I was sitting around sharing an incredible meal at Tao in Vegas a couple of months ago with friends, and the conversation turned to The Fuck List. My friends explained to me that this was a list of names that you compile with your spouse/partner - a list of the celebrities that, if given the chance, your partner would want to fuck and you would allow your partner to fuck. (Because, let's face it... it ain't ever gonna happen.)
Well, I don't have a list. And neither does B.Rube and it isn't anything that we've ever talked about before even. My friends asked who would be on my list, if I were to have one. After thinking about it for a moment, I had to admit that I didn't have anyone to put on my list. (most likely the reason why I don't have one to begin with.) My friends argued that this wasn't possible and insisted that there HAD to be someone famous that I would want to fuck.
Still, I came up blank.
I've never been one to idolize stars or create dreamy scenarios where I meet a celebrity, lock eyes, and proceed to find the nearest broom closet or bathroom stall. In fact, I've never wanted anyone who hasn't wanted me. If you don't want me (and CERTAINLY if you don't even know I exist!!), lusting after you is truly a waste of my valuable time.
So, I held my ground and offered no names.
Then, a few weeks ago while surfing the net, I saw the celebrity athlete that I would add to my Fuck List. Cheryl Bernard, Canada's hottest and most well-known curling skip.
Slightly peculiar pick perhaps. Not the first, second or even thirty-fourth name that one might come up with for me and my List. But, damn, she does it for me. She just does.
And the girl's got guns!! And, I, a strong weakness for women's incredible arms....
And, if the arms alone didn't capture you, this one's gotta arouse a dirty thought or two.
Fine Canadian specimen.
So, last night, I was at the Canucks game, with one of the same Vegas friends with whom this conversation originated. And just before the game, the Fuck List popped into memory and I excitedly told my friend that I had recently realized that I DO have someone for my List and told her about Cheryl. She had the usual shocked reaction that the couple others I've shared this with had. But, you can't really dispute someone's choices. So, she kinda smirked and nodded and found it all very interesting, I suppose.

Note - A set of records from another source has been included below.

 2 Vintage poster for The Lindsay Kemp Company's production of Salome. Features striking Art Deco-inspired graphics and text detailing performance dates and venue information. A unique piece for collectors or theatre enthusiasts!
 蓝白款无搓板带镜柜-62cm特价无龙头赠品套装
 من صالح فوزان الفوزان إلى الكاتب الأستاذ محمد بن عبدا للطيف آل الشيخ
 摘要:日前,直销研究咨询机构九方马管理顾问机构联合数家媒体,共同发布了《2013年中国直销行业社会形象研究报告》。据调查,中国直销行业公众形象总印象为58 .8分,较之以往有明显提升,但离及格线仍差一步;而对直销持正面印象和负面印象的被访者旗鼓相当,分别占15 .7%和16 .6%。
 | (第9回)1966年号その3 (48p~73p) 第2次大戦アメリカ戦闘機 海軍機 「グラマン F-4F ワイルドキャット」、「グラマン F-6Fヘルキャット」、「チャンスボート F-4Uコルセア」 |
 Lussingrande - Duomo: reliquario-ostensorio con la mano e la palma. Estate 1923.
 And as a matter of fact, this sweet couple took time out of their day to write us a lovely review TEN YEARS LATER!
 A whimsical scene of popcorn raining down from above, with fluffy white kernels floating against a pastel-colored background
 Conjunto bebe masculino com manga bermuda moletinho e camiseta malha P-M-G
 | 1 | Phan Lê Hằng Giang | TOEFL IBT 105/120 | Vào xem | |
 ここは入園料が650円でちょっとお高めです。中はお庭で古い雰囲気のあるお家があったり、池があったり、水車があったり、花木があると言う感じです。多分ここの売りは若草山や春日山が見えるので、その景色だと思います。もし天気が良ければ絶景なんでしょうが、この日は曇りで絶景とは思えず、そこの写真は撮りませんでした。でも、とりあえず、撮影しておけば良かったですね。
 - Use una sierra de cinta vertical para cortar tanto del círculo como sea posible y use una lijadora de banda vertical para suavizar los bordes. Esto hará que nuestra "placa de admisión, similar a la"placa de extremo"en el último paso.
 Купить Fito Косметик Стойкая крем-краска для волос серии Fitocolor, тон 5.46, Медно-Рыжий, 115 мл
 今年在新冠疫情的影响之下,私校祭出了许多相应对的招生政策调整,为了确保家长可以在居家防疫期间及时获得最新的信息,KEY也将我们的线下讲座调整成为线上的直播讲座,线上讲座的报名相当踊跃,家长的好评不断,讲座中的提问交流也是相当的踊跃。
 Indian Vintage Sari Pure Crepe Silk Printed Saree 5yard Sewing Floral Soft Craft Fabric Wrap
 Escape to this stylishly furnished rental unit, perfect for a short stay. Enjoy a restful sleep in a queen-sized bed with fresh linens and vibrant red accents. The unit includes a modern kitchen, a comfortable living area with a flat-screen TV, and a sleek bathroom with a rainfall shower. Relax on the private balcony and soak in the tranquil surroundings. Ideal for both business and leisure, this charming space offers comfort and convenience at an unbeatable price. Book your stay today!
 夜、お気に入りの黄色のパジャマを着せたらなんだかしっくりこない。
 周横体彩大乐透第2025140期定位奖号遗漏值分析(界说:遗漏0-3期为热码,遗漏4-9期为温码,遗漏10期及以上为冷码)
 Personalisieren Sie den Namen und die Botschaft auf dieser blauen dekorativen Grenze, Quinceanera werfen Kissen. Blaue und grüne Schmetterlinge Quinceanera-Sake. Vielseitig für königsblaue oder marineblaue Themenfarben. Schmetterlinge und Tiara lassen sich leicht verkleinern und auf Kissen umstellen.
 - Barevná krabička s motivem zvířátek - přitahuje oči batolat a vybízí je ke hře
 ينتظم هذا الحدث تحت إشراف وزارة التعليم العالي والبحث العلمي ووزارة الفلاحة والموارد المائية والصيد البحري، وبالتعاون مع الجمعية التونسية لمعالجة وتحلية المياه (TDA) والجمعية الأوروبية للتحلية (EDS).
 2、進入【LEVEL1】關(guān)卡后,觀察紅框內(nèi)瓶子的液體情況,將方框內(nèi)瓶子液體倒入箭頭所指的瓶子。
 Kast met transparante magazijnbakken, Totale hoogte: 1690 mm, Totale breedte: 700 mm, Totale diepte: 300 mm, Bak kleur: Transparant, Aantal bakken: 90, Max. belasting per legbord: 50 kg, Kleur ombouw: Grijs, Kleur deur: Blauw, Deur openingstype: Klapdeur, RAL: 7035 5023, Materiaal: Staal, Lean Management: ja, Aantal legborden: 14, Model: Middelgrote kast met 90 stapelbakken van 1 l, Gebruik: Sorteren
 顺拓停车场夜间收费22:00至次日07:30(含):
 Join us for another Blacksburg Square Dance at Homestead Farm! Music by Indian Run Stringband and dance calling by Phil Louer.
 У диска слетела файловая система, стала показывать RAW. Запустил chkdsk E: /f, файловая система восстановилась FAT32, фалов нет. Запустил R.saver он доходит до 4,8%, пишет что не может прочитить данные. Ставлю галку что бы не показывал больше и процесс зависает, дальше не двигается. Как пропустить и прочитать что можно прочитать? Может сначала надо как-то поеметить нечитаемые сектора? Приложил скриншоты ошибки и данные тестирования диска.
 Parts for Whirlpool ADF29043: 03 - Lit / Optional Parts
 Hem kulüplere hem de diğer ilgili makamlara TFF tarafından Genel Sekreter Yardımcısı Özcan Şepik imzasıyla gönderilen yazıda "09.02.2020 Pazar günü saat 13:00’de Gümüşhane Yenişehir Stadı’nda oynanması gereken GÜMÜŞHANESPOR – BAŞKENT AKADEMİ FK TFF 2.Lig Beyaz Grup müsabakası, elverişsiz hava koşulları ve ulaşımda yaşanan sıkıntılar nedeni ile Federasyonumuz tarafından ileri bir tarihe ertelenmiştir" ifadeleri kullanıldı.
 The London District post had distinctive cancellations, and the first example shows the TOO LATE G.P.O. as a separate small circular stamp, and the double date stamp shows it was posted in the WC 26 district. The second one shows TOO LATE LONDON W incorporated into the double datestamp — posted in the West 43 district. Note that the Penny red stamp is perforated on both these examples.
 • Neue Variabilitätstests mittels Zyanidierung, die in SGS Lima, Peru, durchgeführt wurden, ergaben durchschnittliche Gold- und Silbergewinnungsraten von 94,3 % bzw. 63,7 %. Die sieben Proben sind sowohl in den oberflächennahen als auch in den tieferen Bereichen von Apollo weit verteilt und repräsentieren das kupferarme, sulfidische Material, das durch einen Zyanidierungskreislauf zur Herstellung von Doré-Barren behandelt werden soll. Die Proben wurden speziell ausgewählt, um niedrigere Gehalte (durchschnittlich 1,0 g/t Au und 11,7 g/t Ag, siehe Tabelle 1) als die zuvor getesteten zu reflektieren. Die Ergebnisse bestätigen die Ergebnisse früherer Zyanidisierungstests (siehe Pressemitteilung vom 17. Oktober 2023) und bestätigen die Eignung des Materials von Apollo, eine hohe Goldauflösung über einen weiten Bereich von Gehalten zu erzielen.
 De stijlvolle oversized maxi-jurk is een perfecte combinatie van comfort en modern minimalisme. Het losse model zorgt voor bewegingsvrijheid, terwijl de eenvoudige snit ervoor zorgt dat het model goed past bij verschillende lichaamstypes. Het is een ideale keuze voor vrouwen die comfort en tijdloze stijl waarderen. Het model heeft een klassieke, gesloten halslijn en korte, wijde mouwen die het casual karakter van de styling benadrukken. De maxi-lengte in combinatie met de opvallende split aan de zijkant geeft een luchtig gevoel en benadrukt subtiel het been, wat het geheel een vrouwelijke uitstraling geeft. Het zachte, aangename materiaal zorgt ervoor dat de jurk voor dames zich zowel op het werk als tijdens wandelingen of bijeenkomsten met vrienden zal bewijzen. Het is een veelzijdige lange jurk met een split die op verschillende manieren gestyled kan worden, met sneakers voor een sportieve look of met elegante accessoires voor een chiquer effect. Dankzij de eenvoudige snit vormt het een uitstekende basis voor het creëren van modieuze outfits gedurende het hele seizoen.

And, right about then, the Canucks announcer began introducing some Olympic athletes onto the ice and ....there she was...."Cheryl Bernard"....!!
With hope building and eager persistence, I spent the next 150 minutes scanning the boxes and seats for another glimpse. To no avail.
I decided overnight to turn my Fuck List into my Bucket List... you know, to appease that competitive side of me and give me something to work towards. To make this List worthwhile.
I may have to take up curling.
(ANDDD...not only is B.Rube okay with my List, he even said he wouldn't mind watching. Shocking.)